今日のお月さまは昨日用随分赤身が強く輝いていました。
あと10日で平成も終わるとあって、毎日空を見上げています。
最高気温26℃、汗をかくような一日でした。
建築史家・評論家長谷川堯氏の訃報に接した。現役の時代この長谷川堯氏といま一人の川添登氏の著書には大いに親しんだものだ。
この長谷川氏は川添氏とは違い、建築学科の出身ではない。その氏がのちに毎日出版文化賞を得られた「都市回廊」なる著をだされたときには、いささか驚きながらも読んだことを覚えている。
建築の世界から離れた今もこの「都市回廊」や「生きものの建築学」などという著書は今も私の本棚に或る。
村野藤吾の作品や人物評など建築家ではない視点での観察は大変興味深いものがあった。
建築学会賞を受賞されているが、まさに氏にとっては勲章であったろうと推測する。ご冥福をお祈り申し上げる。
蛇足だが来年の大河ドラマで主人公の明智光秀を演ずる長谷川博己氏は、氏のご長男だという。

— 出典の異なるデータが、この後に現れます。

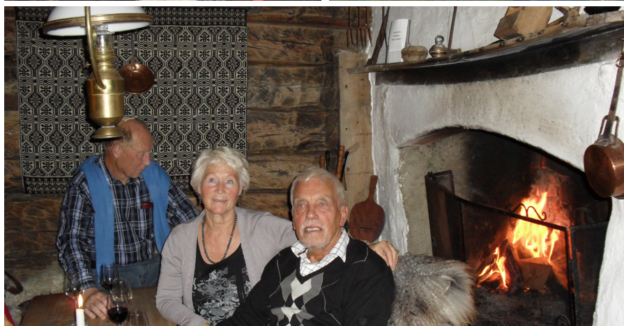
Bilder fra turen til Håholmen
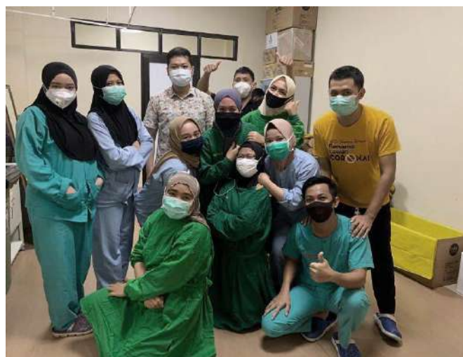
Perawat RSUD Sayang Rakyat Kota Makassar setelah melakukan pengisian kuesioner sebelum melaksanakan tugas.
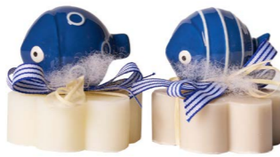
Cod: 7658 Des: Sapone decorato pesciolino blu Note: 8x8x9
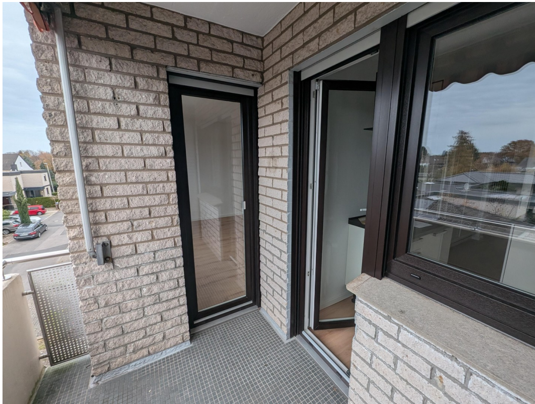
Balkon mit 2 Durchgängen
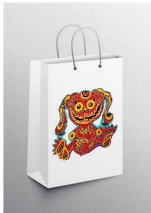
Gambar 3. Aplikasi karya pada tas kertas
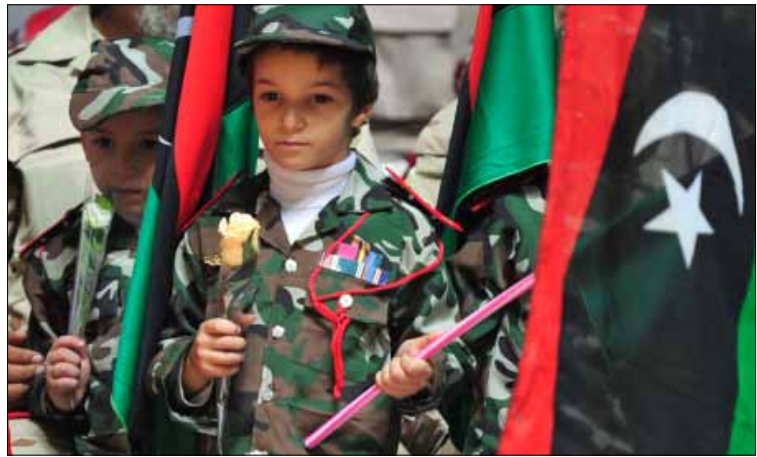
خلال حفل تكريم المقاتلين في بنغازي
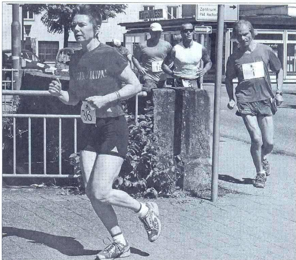
Acht Starter machten beim Zwölf-Stunden-DRK-Lauf keine Pause. Und das, obwohl die Sonne für hohe Temperaturen sorgte.
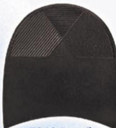
7260 Patník 1–7, tl. 6 mm
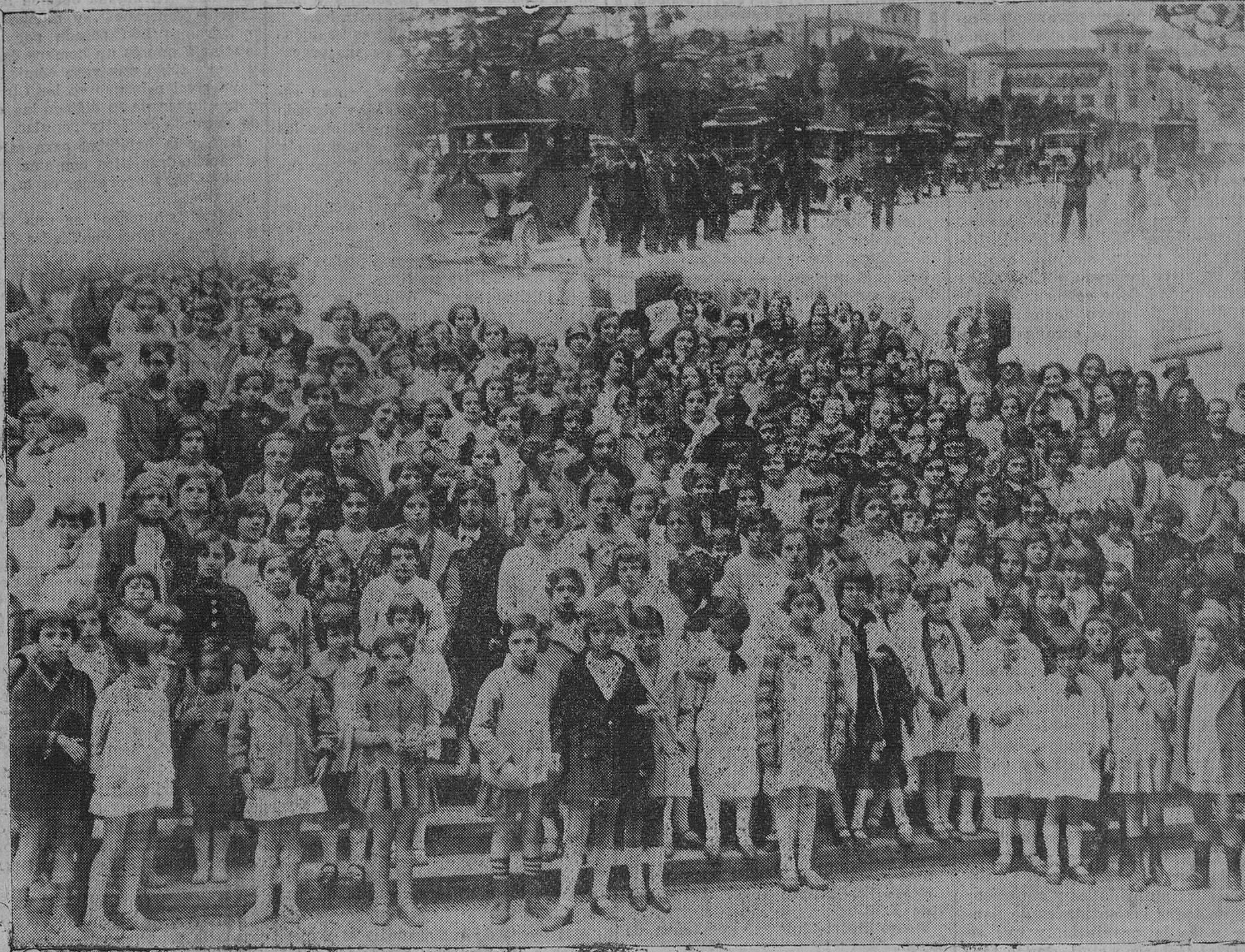
En la mañana de ayer llegaron a nuestra ciudad, en varios autocars, numerosos niños, acompañados de sus maestros, de los colegios del Valle de Igüña, Villafuente, Alceda, San Vicente, Los Corrales, etc., y, después de visitar la población y comer en el Sardinero, regresaron en caravana a sus respectivos pueblos.

Recogiendo el espíritu unánime de los reunidos, partidarios de darse de baja del servicio telefónico, así se acuerda, conviniéndose también en que, una vez así realizado, no se usen los servicios de dicha Compañía más que en casos de absoluta precisión, dándose preferencia a los demás servicios rápidos de comunicaciones.
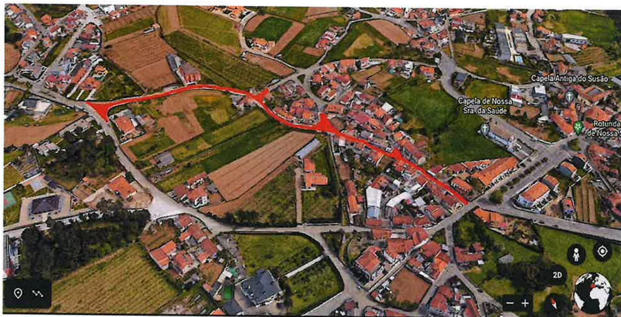
Localização obra – Rua André Gaspar
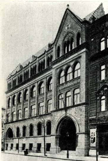
A Rákóczi téri iskolaépület 1911-ben...

„Szóbeli előadások és sajtó útján elosztani azon előítéleteket s elhárítani azon akadályo-
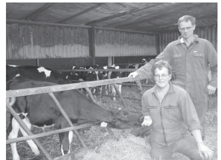
“Preventie kun je plannen”

Ja, als we niet vaccineren komt die pinkengriepuitbraak vroeg of laat absoluut langs.
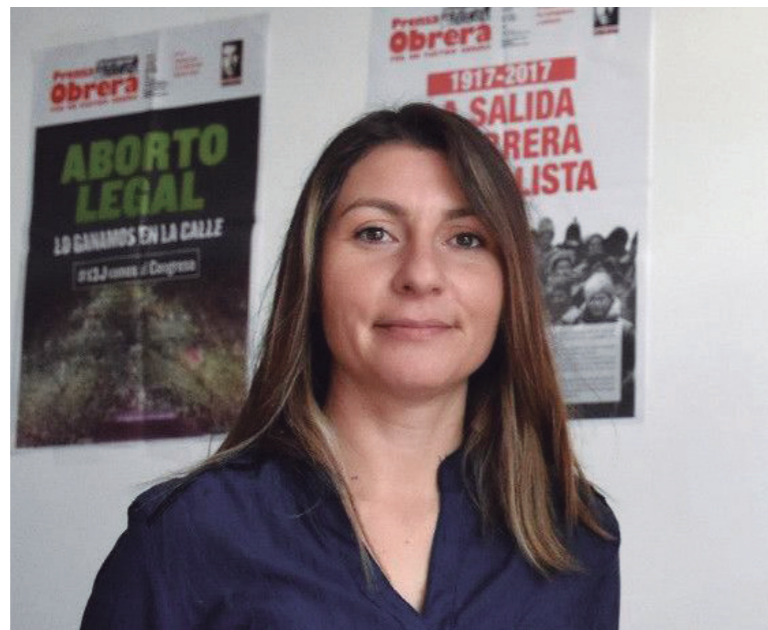
“El pago de la deuda es incompatible con el desarrollo de la provincia”, declaró la candidata del Frente de Izquierda
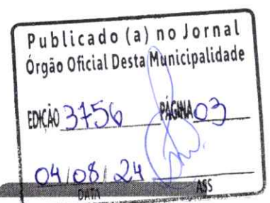
WALDEMAR NAVES COCCO JUNIOR Prefeito Municipal

EDIFÍCIO DA PREFEITURA MUNICIPAL DE PARANACITY, PR, 31 DE JULHO DE 2024.
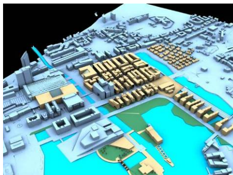
Alternativ plan, Bjørvika i Oslo Resultat fra plansmien i februar 2008
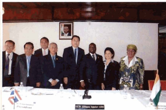
นายองอาจ คล้ามไพบูลย์ ประธานกลุ่มมิตรภาพสมาชิกรัฐสภาไทย - โกตดิวัวร์ และนายกิโยม กิกบาฟอริ โซโร ประธานสภาผู้แทนราษฎรโกตดิวัวร์
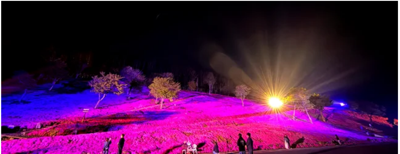
ライトアップされる芝ざくら滝上公園

2026年5月21日（木）から5月23日（土）までの3日間、芝ざくら滝上公園にて開催された本イベントは、当初の想定を大幅に上回る総来場者数約1,600名を記録いたしました。地域の新たな夜間観光（ナイトタイムエコノミー）コンテンツとしての確かな手応えを得て、大盛況のうちに幕を閉じましたことをご報告いたします。
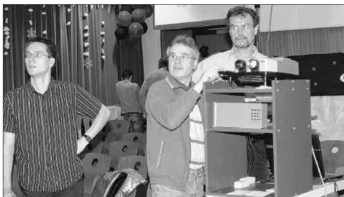
Foto: Tobias Ecke, Carsten Pauling, Ulf Seyfert (v. l.) Fotoclub Reflex

Zur diesjährigen Diashow luden wir unsere Gäste auf eine Reise durch Deutschland, Europa und Amerika ein. Als Reiseleiter fungierten - mit einer erfrischenden Einführung - der neue Clubchef Tobias Ecke sowie Ulf Seyfert, der souverän die Technik bediente.
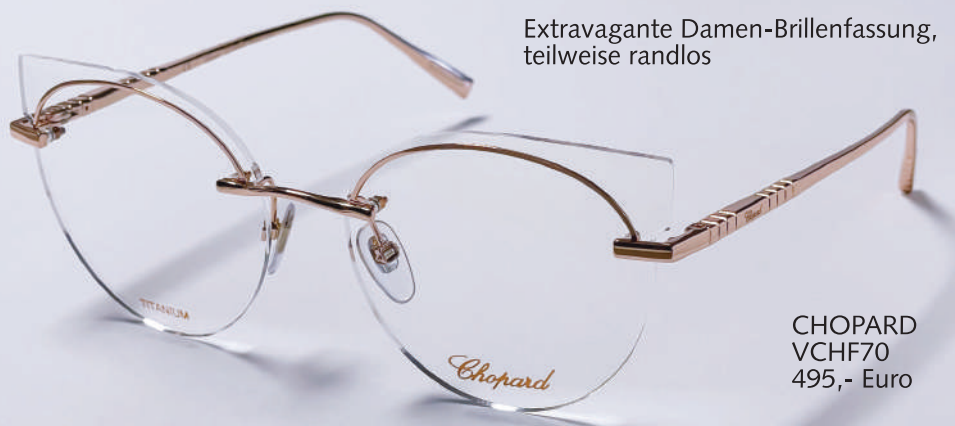
Extravagante Damen-Brillenfassung, teilweise randlos
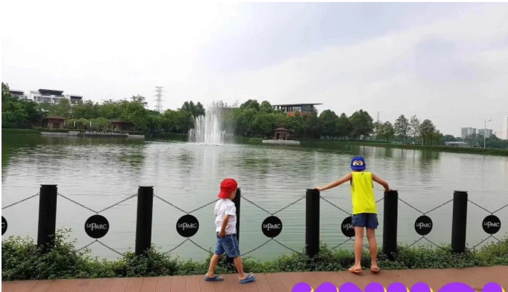
Cong vien indira gandhi gamuda land

これは驚きであった。
ご子息も応援せずばなるまいと思ったりしている。
私が古文書に触れた最初は、わが家に残る「先祖附概要」という和綴じ文書である。
眺めつすかしつしてもミミズが張ったような文字を読み解くことはできず、断片的にしか理解できなかった。
しかし、家祖である磯部氏が織田信長の家臣だったという記述や、その後毛利氏に仕えたこと、また浪人して下松に居住していた折忠興公が旅の途中で度々お寄りになり、お休み所を提供したり食事を差し上げたりしたことなどが判明した。
下松居住中での細川家との関りが、磯部長五郎とその弟で我が家の祖である磯部庄左衛門が豊前に召し出されるという結果をもたらした。
長五郎が忠興公に殉死した蓑田又助を介錯したことは、森鴎外の小説にも取り上げられ是も驚かされた。
ドラマでおなじみの水戸光圀公のご家来・助さん(佐々助三郎)の名前を見つけたのも大変な驚きで、助三郎が来国した際二代目太左衛門が道案内を勤めたことを後で知った。
そんな記述に触れるうちに、何とか古文書を読めるようになりたいと願望するに至った。
その間、熊本大学の松本寿三郎教授の「細川家侍帳」、川口恭子客員教授の「細川家家臣略系譜」が相次いで出版され、これを拝見するに及んで大いに触発された。
独自で一年ほどをかけて「新・細川家侍帳」を作り、又HPを立ち上げるとともにこれをご紹介することにした。もう10数年前の事である。
これが序々に思いもよらぬ反響を得ることになり、現在の私の活動の原動力になっている。
いろんなお宅からご先祖調査のご相談があったり、又先祖附の読み下しの依頼が相次いだ。
有難いことにその後もそれぞれのお宅との交流が続いている。
一方我家の始祖磯部家については相当の努力をし、いろいろ情報を頂戴もしたが、現在に至るも確たる状況には行きつかないでいる。
当家の先祖附の解読については、大叔父が親交のあった川口恭子先生にお願いしてお手を煩わしたらしく、先生筆跡の読み下し文がコピーとして手元にある。
これを手本に私の古文書解読の一歩がスタートした。
古い資料との出会いは不思議な偶然がある。
かってNHKの「ファミリーヒストリー」で歌手の財津和夫氏を取り上げるにあたり、私はNHKから資料の提供の依頼を受けた。
財津家は数代前に養子に入っておられ、NHKではそれ以後の新しい時代を中心に編集され、古い資料は役に立たなかったようだ。
図書館通いを重ねる中で財津家の親族に平川家があることが判り、この史料を調べるうちに、財津家の親族とは全く縁のない別の平川家の存在を知った。
この平川家が当家とルーツを一にすることが判り、その資料を得て当時大いに興奮したことであった。平川家文書
初代の兄・長五郎に「熊」なる女子があったことは先祖附にも記載されていて存在は承知していたが、この熊(のち龍源院)が忠興公の元にあり、八代の塩屋観音の復旧に尽力したりしている。
また熊本に於いて女ながら宗嚴寺を創建しているが、このことは熊本史談会の若い友人N君がもたらしてくれた情報である。宗嚴寺
先祖附からは伺えぬこのような貴重な情報が得られると、このような駄文を書き残そうと思わせてくれる。
先祖附には一定の形式があるようで、各家のものをいくつも読んでいると自然と古文の読み下しは出来るようになった。
全くの独学だが、「くずし字辞典」とにらめっこをしながらも、現在ではいろんな古文書の提供を受けたり、又自らも手に入れたりして楽しんでいる。
その後は家族もあきれる歴史狂いと相成った。